I had spent the afternoon waiting to interview King, as I had done in his room the afternoon before. On this day though, it broke the other way. King had no time for an interview; his lawyers and strategists had spent a long day downtown in a courtroom, fighting an injunction that was issued to prevent him from leading a march on behalf of striking garbage collectors. King stayed in his room conferring by phone with the lawyers and taking care of other matters. He even had had lunch sent in, and he and his friend and partner, the Rev. Ralph Abernathy ate in the room.

After the proceedings at the courthouse ended, the lawyers and strategists returned to the Lorraine and met with King. They didn't have much time; dinner was being prepared for them at the home of the Rev. Billy Kyles, a Memphis minister. And later, there would be a rally to build support for the garbage collectors and for the march scheduled for Saturday.

It was nearing 6 o'clock on Thursday, April 4. King's room, No. 306, was on the balcony level of the motel. In the parking lot below, one by one, King's closest aides began to gather. They waited for "Doc" as they affectionately called him. None of them would leave until he was ready, and then they would go to dinner together. Waiting now were Andrew Young, Jesse Jackson, James Bevel, Hosea Williams and James Orange. King jokingly called them his "wild horses," because he said they had such strong personalities. With them was the lawyer Chauncey Eskridge, the musician Ben Branch and a few others.

And they were there huddled together when the door to Room 306 opened.

It was a few minutes before 6 p.m. Kyles stepped out, then Martin. Abernathy, not quite ready, lingered behind. King went to the railing at the balcony to greet those who waited below. Maybe because of the tension from the day, the mood turned playful. King joked with Jesse. And Jesse introduced Branch, a musician from Chicago, who had come to Memphis to perform that night at a rally.

"Oh, I know Ben," said Martin.

King had a request. He said he wanted Branch at the rally later to play "Precious Lord," a song that was a favorite.

Witnesses to murder

As King leaned on the balcony and the banter continued, they all had their eyes glued on him. And from somewhere across Mulberry Street, just beyond the motel grounds, an assassin was lying in wait, prepared to strike. Those who were the closest to King would see the killing as no others would see it. They actually witnessed the instant the bullet hit King, exploding with such force that it ripped a hole larger than a fist in his neck and jaw, hurling him onto his back, leaving him virtually dead on the balcony.

In the horror of the moment, those who watched stood frozen. Then, instinctively they jumped down, then back up and down again. And it continued that way.

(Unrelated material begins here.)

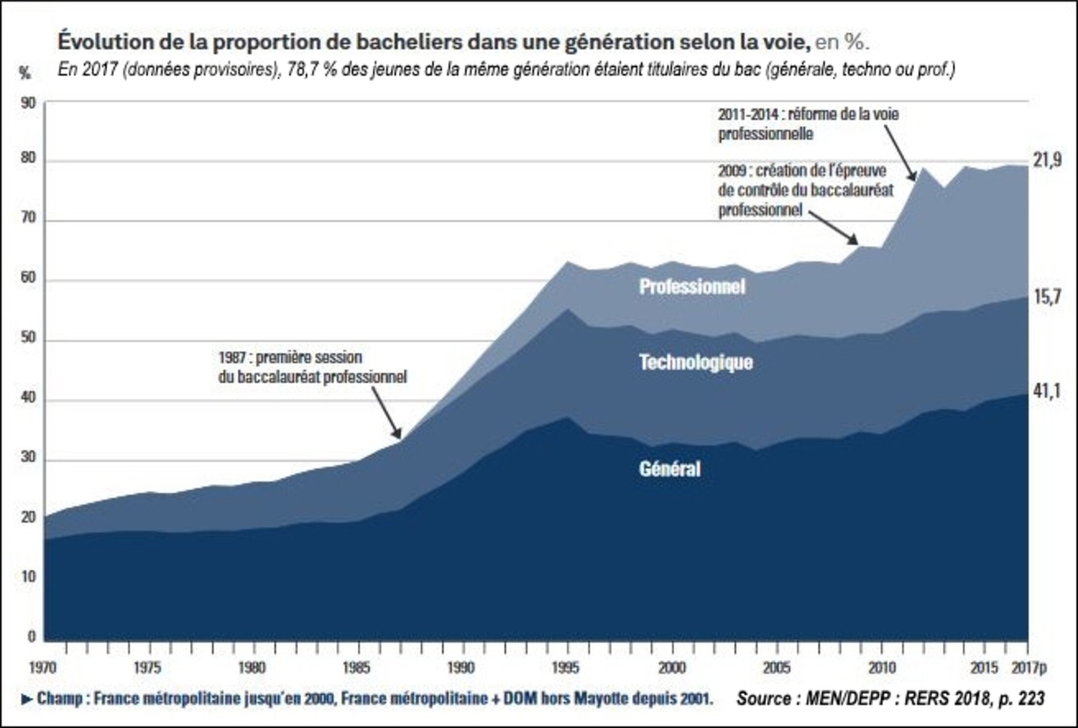 Lorsque j'ai moi-même passé mon bac (série B, aujourd'hui ES, modèle 1973), le bac pro n'existait pas et la très grande majorité de mes camarades en «bac de technicien», comme on disait encore, visaient l'entrée sur le marché du travail. Avec un bac général, on pouvait trouver du travail: c'est ainsi qu'après quelques pérégrinations que j'ai intégré à Paris l'école normale d'Auteuil chère à mon cœur (mon abbaye de Thélème) mais j'aurais pu, comme l'écrasante majorité de mes jeunes collègues, devenir directement instituteur suppléant. Avec un bac général, on pouvait passer les concours de catégorie B: contrôleur des PTT, des impôts ou du Trésor. On n'avait pas encore les effets de surdiplômation rencontrés aujourd'hui... ni le fait que certains concours de catégorie B sont ouverts à bac+2. On pouvait encore devenir employé de banque ou d'assurance.

For me, it was different. When the shot rang out, I was inside my room, No. 214, on the ground floor of the motel. The door was open; I had been pacing about inside trying to get a telephone line to get my story to New York in time to make a deadline. I did not see the bullet strike King. When the gunshot echoed through the motel yard, I did not know that an assassin had struck. But in two, perhaps three strides, I was in the doorway, looking to learn what had happened.

What was it, I wondered? Had a bomb exploded?